Apologies in advance for the sappy drama that is the majority of this chapter.
Sute gurgled happily as she clung to the large chair leg. I watched her carefully, hands spread out to catch her should she fall. The child, who had been but a small infant when I had first found her, had grown again quite suddenly. Perhaps, Beorn's house had a similar magic to that of Rivendell? At any rate, little Sute was much bigger now and had started to develop a tiny mop of brown hair on top of her head.
Presently, her tiny hands were clutching onto the leg of one of Beorn's chairs as she tried desperately to pull herself up. She wobbled in such a ridiculous manner that I could help but laugh. Finally, Sute managed to bring her legs straight. She looked around at everything with wide eyes and a look of wonder on her face. The child gurgled happily as her eyes found my face.
Sute really was such a happy child. Wholly unaffected by everything we had gone through so far on this journey. This is what I needed. A break to relax and replace my bad memories with new ones. Happier memories.

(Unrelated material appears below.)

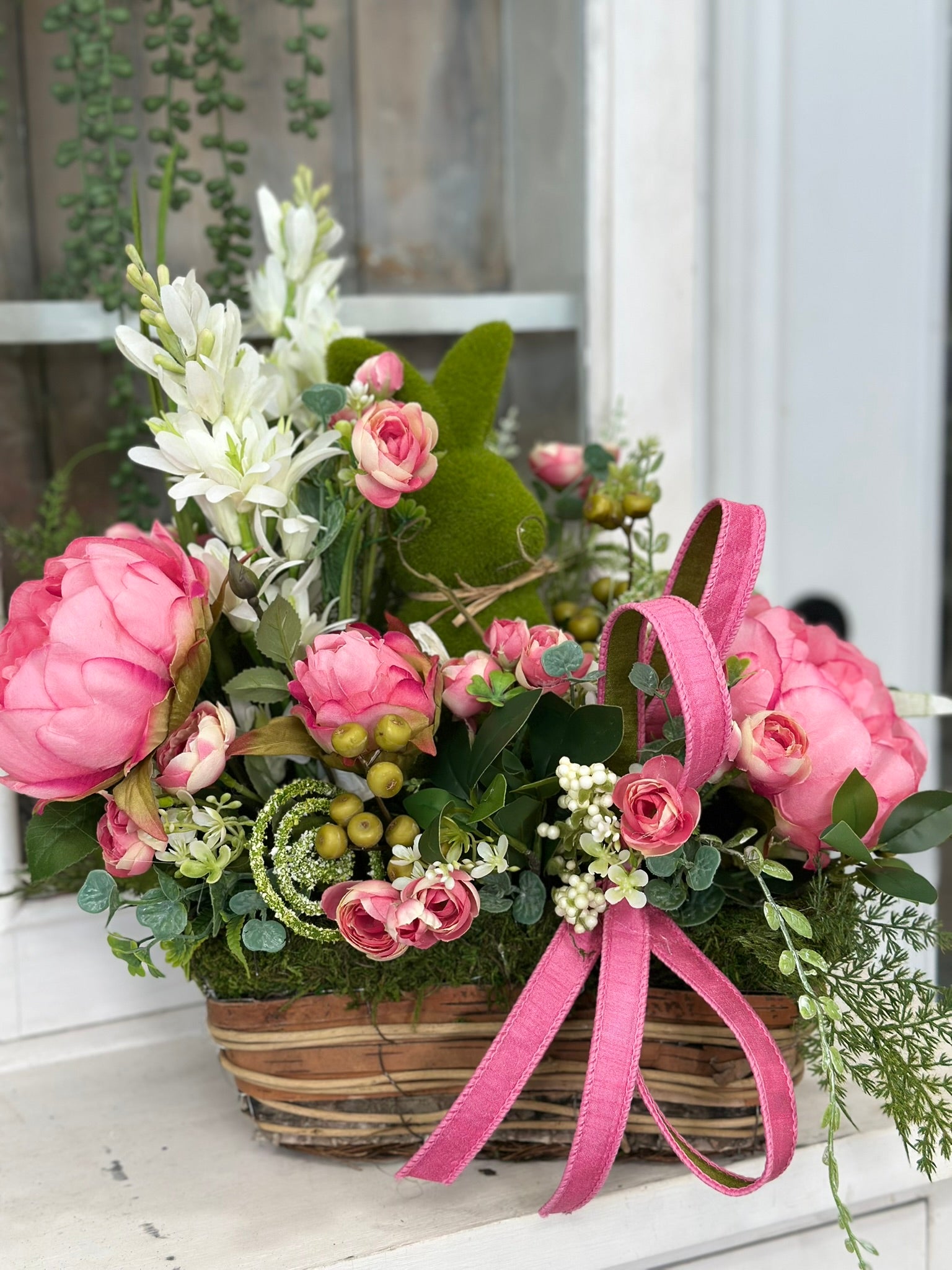 Easter Bunny Spring Centerpiece with Pink Peonies & Moss Bunny
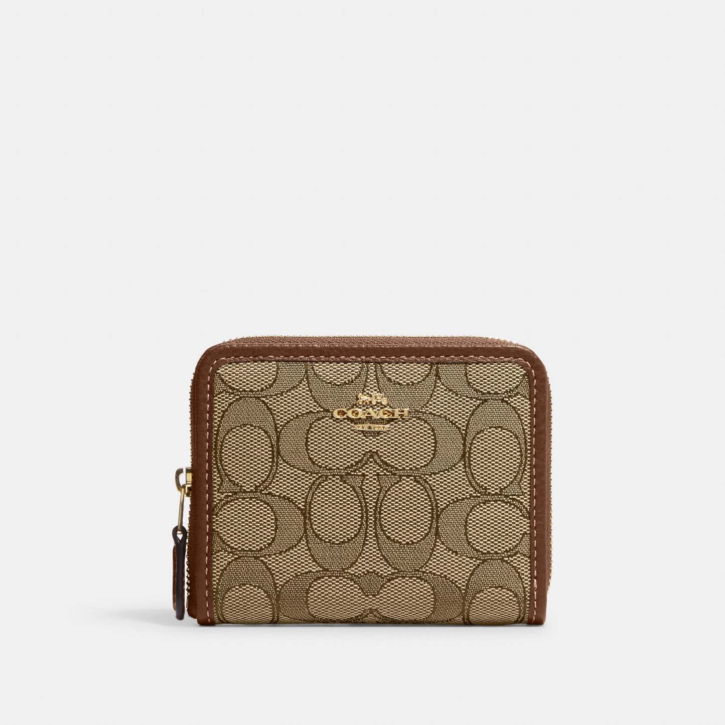 Signature jacquard and refined pebble leather Two credit card slots ID window Bill compartment Inside zip coin pocket Zip-around closure Outside zip coin pocket 4 1/2 (L) x 3 3/4 (H) x 3/4 (W) Style No. CH389 | Outlet Small Zip Around Wallet In Signature Jacquard - Brown

"You look… better." I looked up to see Nimm standing behind me. She was watching Sute with suspicion.
"This place is peaceful." I nodded, a gentle smile coming to my face. "And safe."
"Still after what happened…" Nimm stopped, realizing the bad memories she might be bringing up. "You're handling it rather well." I didn't reply, instead pulling Sute into my lap and letting the little bundle of curious energy clear away the darkness.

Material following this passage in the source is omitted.